Но чужестранец вскоре перестает удивляться любым фокусам или эксцентричности американской прессы. Общепринятые правила учтивости и приличия Четвертого сословия полностью игнорируются в этой шумной Батрахомиомахии; первым шагом в редакторской подготовке здесь должно стать попрание собственного самоуважения, подобно тому как ренегаты некогда топтали крест. Передовые статьи не только изобилуют грубыми личными оскорблениями политических противников, но и конкурирующего журналиста часто открыто клеймят по имени; его прошлое порочно препарируется, а грехи прадеда триумфально выставляются напоказ; хотя это крайний случай, ибо столь проверенный предок редко помогает или мешает тому классу, о котором я говорю. Год подобной позорной грызни наверняка достаточен для уничтожения большей моральной стойкости, чем могут рассчитывать иметь с самого начала эти мелкие Громовержцы.
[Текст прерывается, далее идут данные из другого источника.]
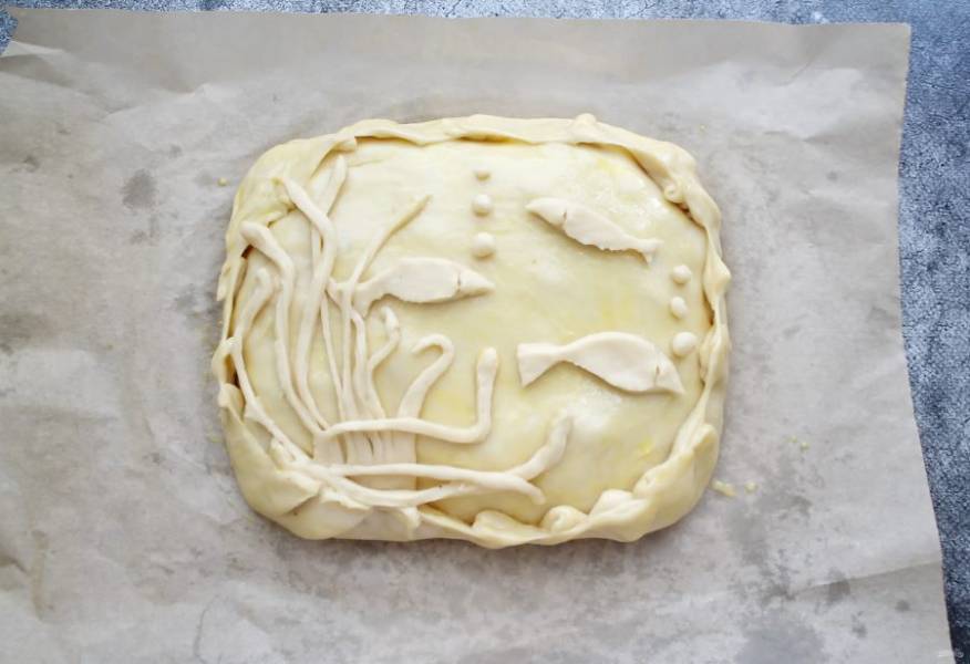 Из обрезков теста сделайте украшения и разложите сверху. Пирог вместе с пергаментом переложите на противень, накройте и уберите в теплое место на 20 минут для подъема.
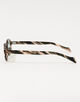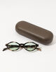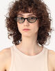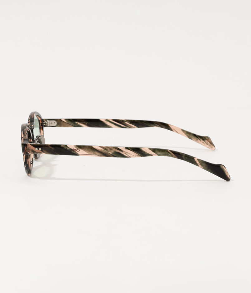 ややスクエア寄りのウェリントンシェイプに、エッジの効いたラインと柔らかな曲線が共存する、独創的なデザインに仕上げられています。
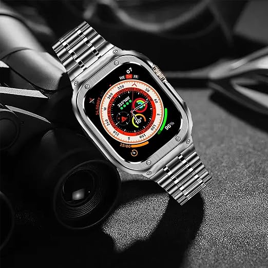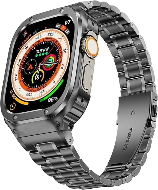 【互換性】このケース/バンドはApple WatchシリーズUltra 3/2/1 (49mm) に対応しています。腕時計バンドは手首サイズ6.5インチ~8.13インチに適しています。交換用バンドは付属のリンク取り外しツールを使って手首にぴったりフィットするように短くしたり伸ばしたりできます。取り外し可能なのは矢印の付いたチェーンのみです。損傷を防ぐため、正しい手順に従ってバンドを取り外してください。(アップルウォッチは含まれていません)
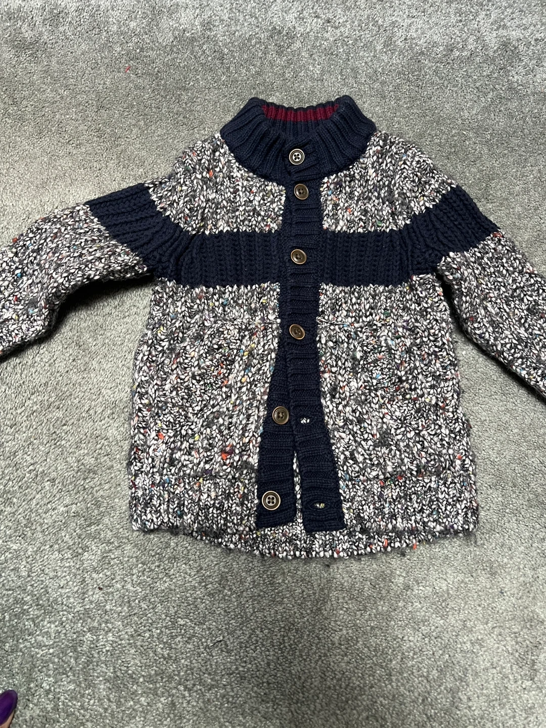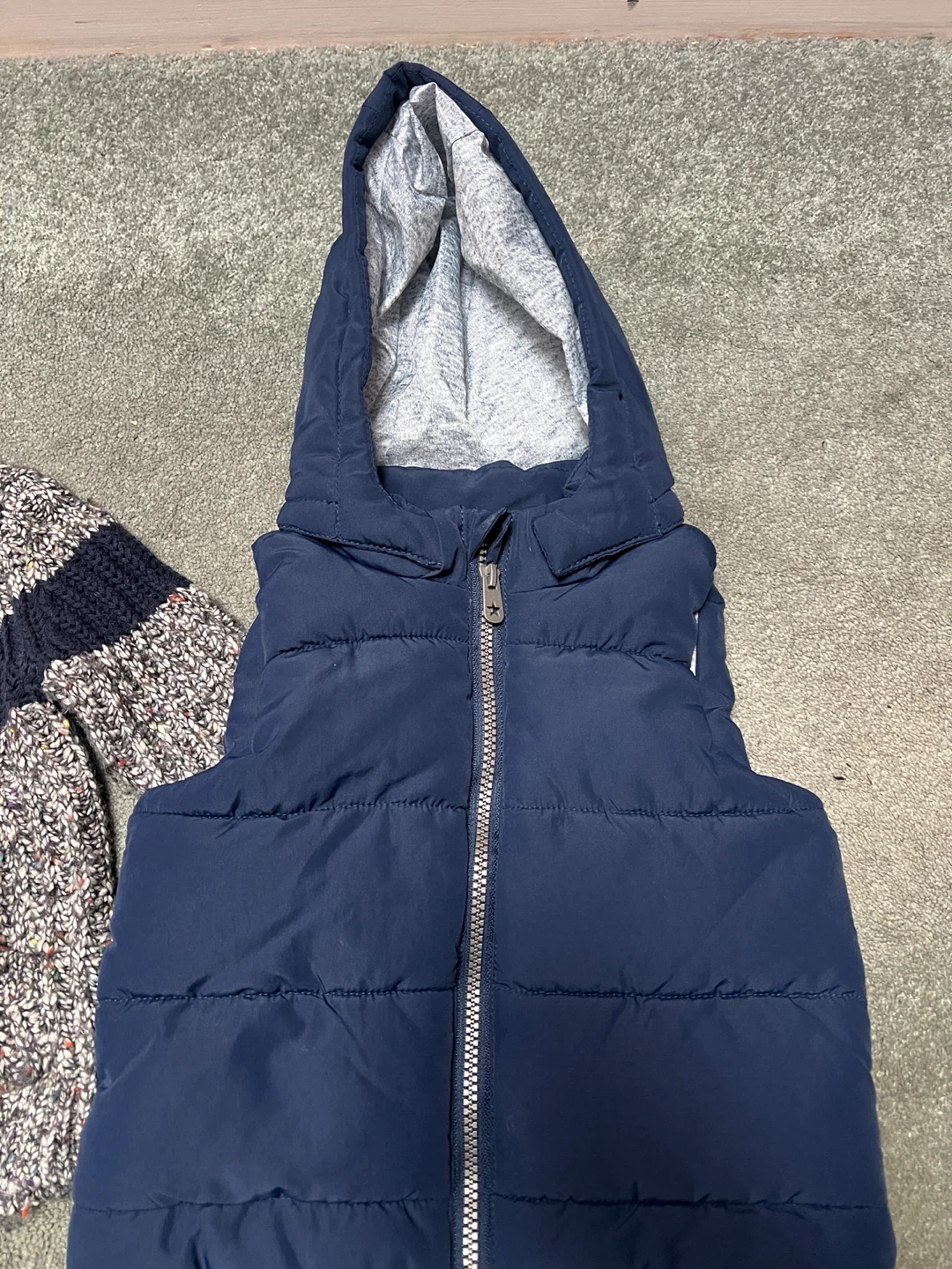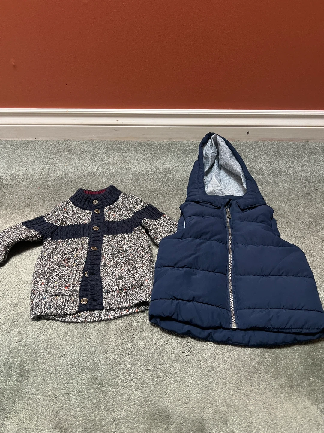 This is a Tommy Hilfiger baby cardigan and an H&M navy puffer vest. The cardigan is size 12 months and made in China. It's a great layering set for cooler weather! The proper list is size 12 months to 18 months. Items come from a pageant smoke free home. Port Union/401/Pickering for pick up. The price listed is for both items.
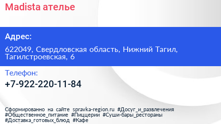 Madista, ателье по адресу 622049, Свердловская область, Нижний Тагил, Тагилстроевская, 6 в дальнейшем Организация, размещена в следующих категориях:

К чему угодно оказываешься готов после того, как видишь целые столбцы газет, обладающих немалой столичной и провинциальной репутацией, заполненные теми отвратительными объявлениями, которые самые низкопробные из наших собственных дешевых газетчиков принимают лишь под давлением протестов.

В одном, поистине, все сходятся — в постоянном недоверии и принижении Англии; и, учитывая все обстоятельства, я не знаю другого места на земле Бога, где избитая старая строка могла бы цитироваться британцем с таким самодовольством:

Sibilat populus, mihi plaudo.

Было бы несправедливо не отдать должное американской прессе за огромную энергию и способность в сборе информации с различных театров военных действий. Учитывая огромную территорию, на которой разворачиваются военные операции, и огромные расстояния, часто лежащие между местом действия и местом публикации, просто поразительно видеть, с каким изобилием нью-йоркские газеты умудряются удовлетворять любопытство своих читателей. У «Геральд», в частности, есть один или несколько корреспондентов везде, где расквартирована хотя бы одна бригада, и судя по их собственным отчетам — в чем нет причин сомневаться, — они часто сопровождают войска вплоть до нахождения под огнем. Все агенты прессы при Потомакской армии теперь обязаны подписывать свои материалы настоящим именем. Этот общий приказ, разумеется, призван обуздать свободу критики, которая в последнее время стала слишком откровенной, чтобы быть приятной вспыльчивому шефу. Но трудно заставить замолчать отважного «специального корреспондента»; поэтому каждое утро последние новости струятся потоком — свежие, крепкие и довольно грубо приправленные, словно свежее виски из перегонного куба.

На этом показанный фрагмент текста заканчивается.